Pass 1 • The Big Picture
Arboretum Borelli • Sv. Filip i Jakov, Croatia • 2020

A Decision-Making System
for Spatial Programming

Most architects prescribe solutions. We built a quantitative toolkit instead.

Complete correlation matrix

465 compatibility relationships mapped. Infinite configurations possible.

31Activities
10Configurations
8Zones
465Relationships

What the client received: A toolkit that lets them optimize their program mix as opportunities evolve—not a single prescribed answer that becomes obsolete when conditions change.
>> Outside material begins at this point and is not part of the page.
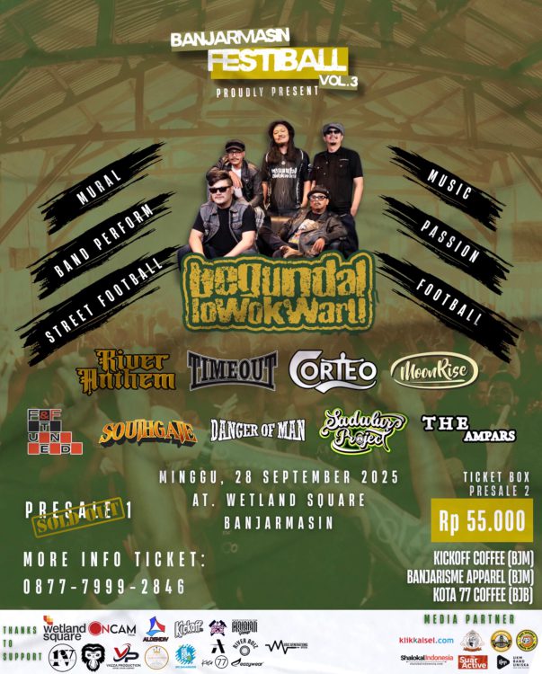 Festival yang menggabungkan semangat musik dan sepak bola itu akan memasuki edisi ketiga dengan tajuk Vol.3, yang dijadwalkan berlangsung di Wetland Square Banjarmasin, pada (28/9/2025) mendatang.

↓ Keep scrolling to see how it works

Pass 2 • The Method

How It Actually Works

Three layers of analysis that transform vague questions into quantified decisions.

1

Activity Compatibility

What we did: Catalogued 31 plausible activities for the site—we called it the "Garden of Pleasures." Coffee, meditation, exhibitions, live music, workshops, camping, yoga, theater, film screenings. Then we tested all 465 possible pairings for compatibility. Some activities work together harmoniously. Some create fundamental conflicts.

Network graph

Why it matters: Coffee service is compatible with 28 out of 31 activities—it's essential infrastructure that works everywhere. Archery is compatible with only 3 activities. Before investing a single euro, you know which programs maximize flexibility versus which create dead zones.

What This Means for You:

You design program mixes that maximize revenue per square meter instead of guessing. You know which activities are social and flexible versus specialized. Identify and avoid conflicts before you've invested in equipment or hired staff.

2

Spatial Configurations

What we did: We defined 10 archetypal spatial "dispositions"—fundamental ways of organizing space. Empty space, Restaurant, Theater, Lounge, Stage, Exhibition walls. Each disposition enables different activities while constraining others.
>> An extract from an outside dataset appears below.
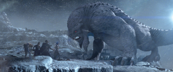 Obviously, nothing like the Frost Beast exists in nature, so Eric Petey’s team animated this creature without the benefit of motion capture. It was all done by hand to mimic the motion of a large cat, but at the same time it had to be as powerful as a rhinoceros, able to burst through anything in its path. That combination created challenges for computer graphics supervisor Eric Fernandes and the effects animation team, which had to shatter ice and rock as the Frost Beast chases after the heroes. It required a coordinated team effort to put such a menacing creature on screen.

Think of dispositions as the interface between abstract programs and physical reality. They're spatial configurations that can be deployed depending on what you want to offer that day.

10 spatial disposition types

Why it matters: Restaurant-style seating unlocks 15 different programs—formal dining, seminars, board games, therapy groups. That's one furniture investment serving multiple revenue streams. The ROI calculus becomes immediately clear.

What This Means for You:

You're not trapped by single-purpose equipment. One set of tables and chairs serves dining, workshops, and creative sessions. You can pivot your offering without replacing your equipment. Maximum flexibility, minimum redundant investment.

3

Exact Capacity Modeling

What we did: Clients need hard numbers. For each of the 8 major zones, we created exact floorplans showing every possible disposition with real dimensions and furniture counts. Actual measurements: "47 chairs, 12 tables, 2 servers."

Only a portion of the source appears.